A Matrix multiplication tutorial

About:

Matrix multiplication is a basic tool of linear algebra, and as such has numerous applications in many areas of mathematics, as well as in applied mathematics, statistics, physics, economics, and engineering. Computing matrix products is a central operation in all computational applications of linear algebra. Given these numerous applications, there exists highly optimized implementations of MM for researchers to use, which are closely tied to hardware one would be running any such implementation. Each hardware vendor supposedly have their own such implementation to squeeze out every bit of performance, and generally performance is prioritized over portability and readability. Underlying hardware may be general purpose computing unit (CPUs) or graphics processing units aka GPUs. For example intel provides us its routine through intel mkl and Nvidia through CuBLAS.
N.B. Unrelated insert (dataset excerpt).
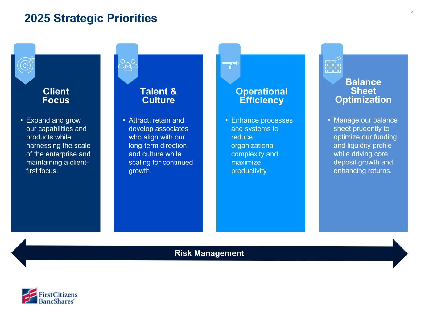 5 Third Quarter 2025 Snapshot Key Highlights: ■ Delivered solid return metrics driven by PPNR (1) growth and positive operating leverage. ■ Achieved strong loan growth in all operating segments led by SVB Commercial with Global Fund Banking loans increasing by 10% from the linked quarter. ■ Deposits grew by $3.3 billion or by 2.0% from the linked quarter driven by growth across our operating segments. ■ On October 16th, we announced an agreement to acquire 138 branches across 11 states from BMO Bank N.A., including deposits of ~$5.7 billion and loans of ~$1.1 billion. ■ Repurchased $900 million in Class A common shares in the third quarter. Since inception in July 2024, we have repurchased $4.0 billion or 15.04% of Class A common shares. (3) Financial Results: Adjusted EPS (1) $44.62 Adjusted ROE / ROA (1) 10.62% / 1.01% NIM 3.26% Adjusted Efficiency Ratio (1) 56.78% Loan / Deposit Change (2) 2.5% / 2.0% CET1 Ratio (4) 11.65% (1) Non-GAAP measure: see Section V entitled Non-GAAP Reconciliations. (2) Loan and deposit growth percentages are current quarter over linked quarter using period end balances. (3) Total repurchases include those since inception of the plan in July 2024 through October 21, 2025. Refer to Share Repurchase Plan Update slide for additional details. (4) The CET1 ratio represents a BancShares ratio and is preliminary pending completion of quarterly regulatory filings. Data highlighted in yellow subject to change. To be finalized in subsequent draft Craig - Do we want to highlight growth at all here since it wasn’t a positive story? We don’t have it in for now but traditionally have a bullet on this page re loans/deposits. Key Highlights: ■ Delivered solid financial results driven by PPNR (1) growth and positive credit performance. ■ Capital and liquidity positions remained strong, with the CET1 ratio (2) ending the quarter at 11.65% and total liquid assets of $61.9 billion. ■ Completed the $3.5 billion 2024 share repurchase plan and repurchased an additional $900 million in Class A common shares in the third quarter under the 2025 plan, bringing total repurchases since plan inception to $4.0 billion (15.04% of Class A common). (3) ■ Announced an agreement to acquire 138 branches located in 11 states from BMO Bank, N.A. bringing our high-touch service and deep sector expertise to clients and communities nationwide while also enabling us to further enhance our liquidity position to support strategic initiatives. ■ Vice Chairwoman and Head of the General Bank, Hope Bryant, was named to the American Banker’s 2025 list of the “Most Powerful Women in Banking” underscoring her leadership and vision, which help drive our success and industry leadership.

With this post, my intention is to understand various forms of optimizations that are involved in these vendor libraries, in hope to identify opportunities to apply these optimizations with other class of algorithms too. We would be writing this in Nim language, language itself shouldn't matter much as we start better understanding the ideas behind optimizations, but having the complete implementation in a single language also cuts through all the weird installation and dependency mismatching issues.
I am far from expert in knowledge required to implement such complex optimizations but writing more about this subject may take me one step further!

MM:

MM is generally a binary operation b/w 2 matrices, where one matrix's rows count match with other matrix's columns count. In very naive form, each row of C can be calculated by keeping a row for A fixed and then going column by column for B and calculating dot-product for each such combination of vectors. Each element for resulting matrix C thus requires k multiply-add operations, hence totaling m x n x k operations. This tells us about pure computational cost, but data has to be moved to and fro from main memory to ALU. Such data-movements cost may dominate the actual runtime of an MM operation if are not optimized.

alt MM

Each element in the C matrix, is a result of dot-product among row vector from A and a column vector from B. Note that we may not need that intermediate vector/array to store the element-wise multiplication and can directly accumulate the results into a register.

Accumulation:

Since addition is commutative and associative, we don't need to go along fully along K. We can go upto some length say kc, and accumulate the result calculated so far at appropriate index at C. At surface level this may not seem important, but becomes really useful when we understand a bit more about Cache made available by underlying hardware.

alt MM

Loading a value/byte into CPU registers for data manipulation from RAM, generally fetch bytes from contiguous locations too. These extra bytes are then cached. Idea is that if we later access a memory location, data requirement could be fulfilled from cache rather than from main-memory. Hardware takes care of stuff like cache invalidation too, if some other process has written to a memory location already cached. Loading data from a cache is much much faster than RAM. So it would be in our favor to be able to read as much as data from CACHE. note that we generally can't directly manipulate a cache's values/bytes and there generally exists multiple level of caches ranging from private cache (L1) to L3 (which is shared among multiple cores). For now assume, cache exist b/w cpu registers and main memory, and some extra contiguous bytes would be read into cache along with every read/load operation if not exist already.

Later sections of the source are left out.